| |
| |
| |
Negende hoofdstuk.
Nieuwe zorgen voor den burgemeester en nieuwe verrassingen.
't Scheen dat het noodlot besloten had burgemeester Stille op de pijnbank te brengen want, alsof de man niet reeds meer dan genoeg had, verraste hem twee dagen later de veldwachter, wien een zeker gedeelte van het platteland om Drysdale als terrein voor zijn ambtsijver was toevertrouwd, met een alleronaangenaamste tijding. Er was een paar weken geleden een boerderij, die in eigendom aan den Staat toebehoorde, vacant geworden en deze was gehuurd door een vreemdeling, die volgens zijn voorgeven reeds sedert lang gezocht had naar de gelegenheid om zich onder een zoo vaderlijk en degelijk bestuur als dat van Malthusia te vestigen. De man was indertijd bij de verhuring zelf overgekomen en had bij burgemeester Stille zijn opwachting gemaakt. Door zijn flink uiterlijk, de vleiende verzekering die in zijn zoo even genoemd verlangen naar het burgerschap van Malthusia voor de, autoriteiten opgesloten lag, door het aanbod om het eerste jaar vooruit
| |
| |
te betalen, met goed gemunte goudstukken gestaafd, en wat al meer ter zake dienen kon, had men zich laten inpakken. Burgemeester Stille zelf was zijn voorspraak geweest in den Grooten Raad en had hem persoonlijk zijn tevredenheid betuigd toen hij met de huur bevoorrecht was.

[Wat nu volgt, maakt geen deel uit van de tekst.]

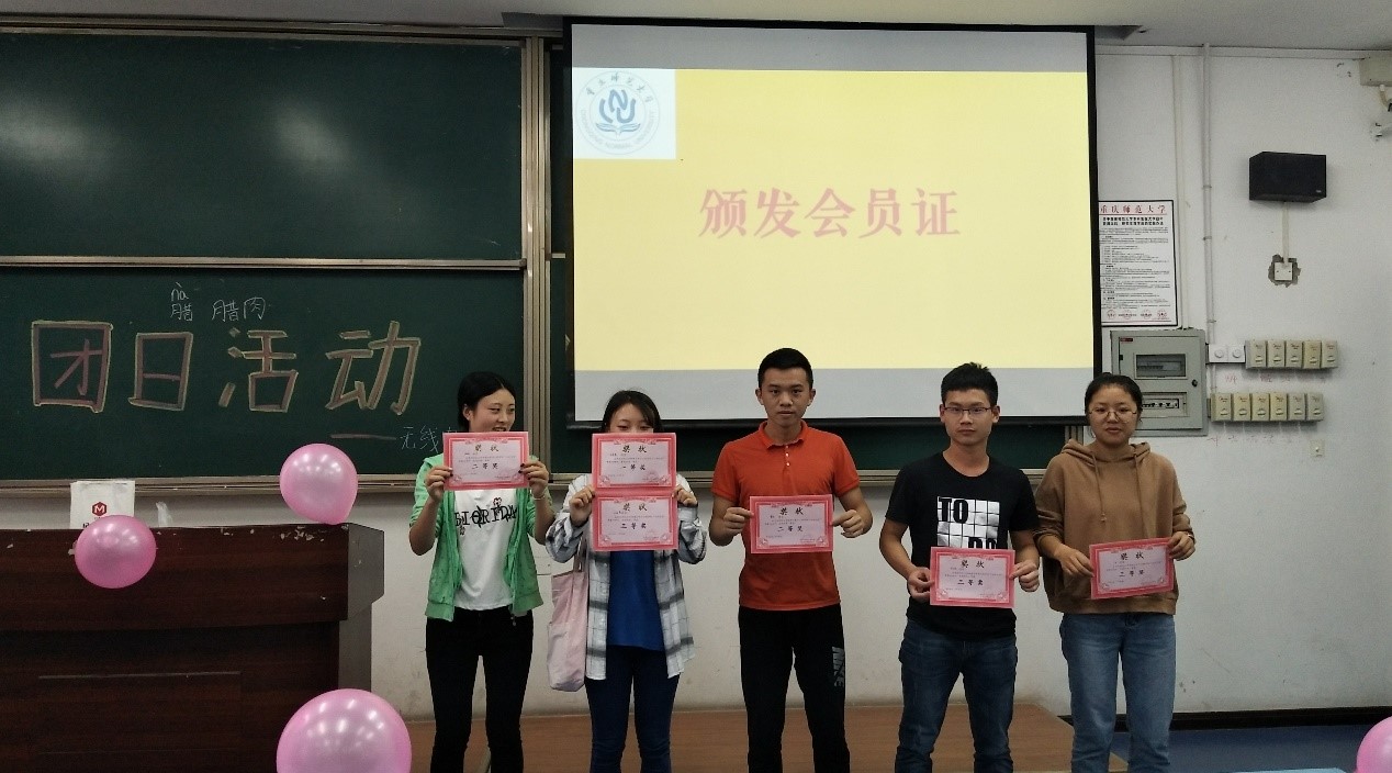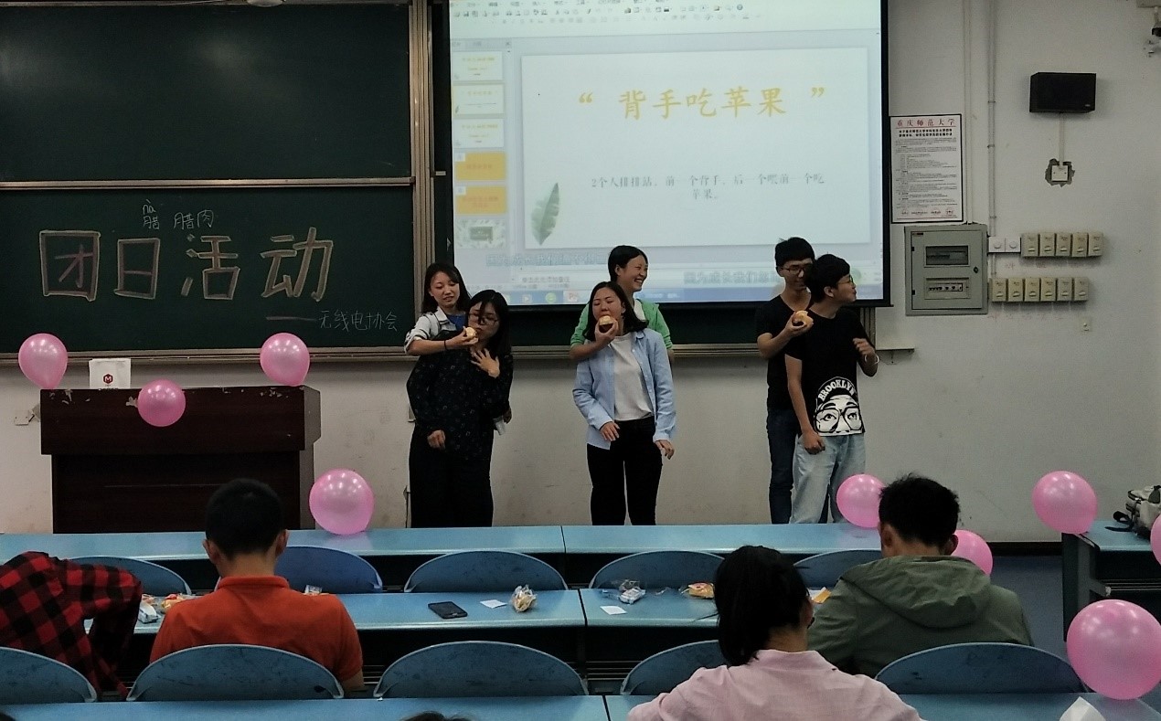活动开始,大家依次玩了一系列游戏,包括:“击鼓传球”、“蒙眼排序”、“背手吃苹果”等。其中激动人心的游戏:“击鼓传球”是一人拿气球,一人背着大家敲黑板,敲响传气球,敲响停止气球停止。气球在谁手中,谁就可以上台表演,这个环节幸运观众表演非常精彩,有唱歌、朗读、说特色方言的,都获得了大家的好评。中场休息环节,无线电干部进行歌唱表演,歌喉动人。稍后进行的游戏:“背手吃苹果”,积极上台的选手们一个个吃的飞快,争当第一的急迫模样让大家忍俊不禁,照下来都是表情包。欢乐过后,见证优秀成员的活动开始了,干事们颁发会员证和联动装置大赛奖状,各组优秀获奖选手领取奖状并合影纪念,到此活动圆满成功。

Doch nu bleek het, dat iedereen, van de hoogste tot de laagste autoriteit, voor de eerste maal in drie eeuwen, verzuimd had te informeeren naar iets wat in Malthusia bij alle zaken van groot of klein belang steeds op den voorgrond gesteld werd en op den voorgrond moest gesteld worden. De man had een vrouw met negen kinderen. Hij zat nu op de boerderij. Hij had er zich met zijn bende in genesteld. Hij zat er en had tegen den veldwachter een toon aangeslagen, alsof hij er hoorde.
Dat was een leelijk geval. De veldwachter, die er erg mee verlegen zat, wist niet beter te doen dan er meneer Stille mee in kennis te stellen eer hij, zooals zijn instructie eigenlijk voorschreef, naar meneer Drysdale ging. Misschien, zoo dacht de man in zijn onnoozelheid, was de zaak nog te schikken.
Nog te schikken? Ja, wanneer de huurder goedschiks, dat is met geld, tot andere gedachten te brengen was, maar de veldwachter verklaarde onmiddellijk bij zijn mededeeling dat hij betwijfelde of de man daaraan wel dacht. Hij zat volkomen naar zijn zin. Voor geen prijs ter wereld had hij verklaard afstand te zallen doen van zijn recht. Hij had een jaar huur vooruit betaald. Hij had met de bijzondere opvattingen van de Malthusianen niets te maken. De verhuring had publiek plaats gehad. Voor
| |
| |
drie jaren was de huur hem toegewezen. Geen dag vroeger dan over drie jaar ging hij er uit.
Dus bleef er niets over dan een gerechtelijke vervolging, niet op grond van een valsch huurcontract of liever van een verzinning van hen die de zaak geleid hadden, maar een gerechtelijke vervolging in optima forma wegens het feit, dat de man vader van negen kinderen was. Als zoo'n vonnis tegen hem bestond, dan kon men hem zijn burgerlijke en burgerschapsrechten afnemen, hem eerloos verklaren en uit het land bannen. Zonder zoo'n vonnis was men machteloos.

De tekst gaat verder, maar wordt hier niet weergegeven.